(Data to use)
=======
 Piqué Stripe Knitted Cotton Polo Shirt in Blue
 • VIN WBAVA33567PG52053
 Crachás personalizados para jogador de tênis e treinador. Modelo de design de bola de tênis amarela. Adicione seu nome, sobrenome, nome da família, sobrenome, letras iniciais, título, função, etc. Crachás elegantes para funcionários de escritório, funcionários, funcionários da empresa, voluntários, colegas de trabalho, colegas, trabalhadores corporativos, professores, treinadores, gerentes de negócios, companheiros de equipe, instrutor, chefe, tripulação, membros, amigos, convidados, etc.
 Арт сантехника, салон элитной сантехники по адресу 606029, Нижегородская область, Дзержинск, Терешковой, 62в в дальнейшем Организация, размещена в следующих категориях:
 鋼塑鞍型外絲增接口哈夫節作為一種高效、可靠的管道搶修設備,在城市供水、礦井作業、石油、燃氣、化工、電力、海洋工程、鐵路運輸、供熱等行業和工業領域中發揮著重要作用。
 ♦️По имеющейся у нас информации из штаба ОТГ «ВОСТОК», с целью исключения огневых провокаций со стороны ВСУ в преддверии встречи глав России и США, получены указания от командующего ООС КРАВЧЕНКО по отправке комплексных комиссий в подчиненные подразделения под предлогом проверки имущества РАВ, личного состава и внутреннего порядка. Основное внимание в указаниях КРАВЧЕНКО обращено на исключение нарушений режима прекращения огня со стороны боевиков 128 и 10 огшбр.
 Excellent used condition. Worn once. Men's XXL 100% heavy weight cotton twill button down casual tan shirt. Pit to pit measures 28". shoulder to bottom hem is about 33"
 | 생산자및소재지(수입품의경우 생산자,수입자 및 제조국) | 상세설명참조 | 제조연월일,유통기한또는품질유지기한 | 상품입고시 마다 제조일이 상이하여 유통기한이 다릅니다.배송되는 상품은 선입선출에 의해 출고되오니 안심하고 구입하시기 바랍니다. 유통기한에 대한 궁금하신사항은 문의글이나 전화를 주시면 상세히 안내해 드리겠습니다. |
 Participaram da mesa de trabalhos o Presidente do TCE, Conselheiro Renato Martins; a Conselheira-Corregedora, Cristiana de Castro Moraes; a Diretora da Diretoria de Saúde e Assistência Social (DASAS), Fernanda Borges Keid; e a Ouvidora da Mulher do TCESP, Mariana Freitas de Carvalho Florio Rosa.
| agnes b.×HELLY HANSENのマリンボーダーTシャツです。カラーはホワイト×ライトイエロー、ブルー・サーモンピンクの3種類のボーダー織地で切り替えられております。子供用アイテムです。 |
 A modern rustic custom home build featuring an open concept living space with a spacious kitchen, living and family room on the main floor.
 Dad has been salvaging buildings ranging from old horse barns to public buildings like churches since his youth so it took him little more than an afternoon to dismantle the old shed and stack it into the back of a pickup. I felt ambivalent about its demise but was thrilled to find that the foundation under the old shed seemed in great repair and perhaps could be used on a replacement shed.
=======
(What this task involves)
Copy exactly the lines from the top of the entries through the line with "鋼塑鞍型外絲增接口哈夫節作為" in it, please, keeping both ends and adding nothing.

(Answer space)
 Piqué Stripe Knitted Cotton Polo Shirt in Blue
 • VIN WBAVA33567PG52053
 Crachás personalizados para jogador de tênis e treinador. Modelo de design de bola de tênis amarela. Adicione seu nome, sobrenome, nome da família, sobrenome, letras iniciais, título, função, etc. Crachás elegantes para funcionários de escritório, funcionários, funcionários da empresa, voluntários, colegas de trabalho, colegas, trabalhadores corporativos, professores, treinadores, gerentes de negócios, companheiros de equipe, instrutor, chefe, tripulação, membros, amigos, convidados, etc.
 Арт сантехника, салон элитной сантехники по адресу 606029, Нижегородская область, Дзержинск, Терешковой, 62в в дальнейшем Организация, размещена в следующих категориях:
 鋼塑鞍型外絲增接口哈夫節作為一種高效、可靠的管道搶修設備,在城市供水、礦井作業、石油、燃氣、化工、電力、海洋工程、鐵路運輸、供熱等行業和工業領域中發揮著重要作用。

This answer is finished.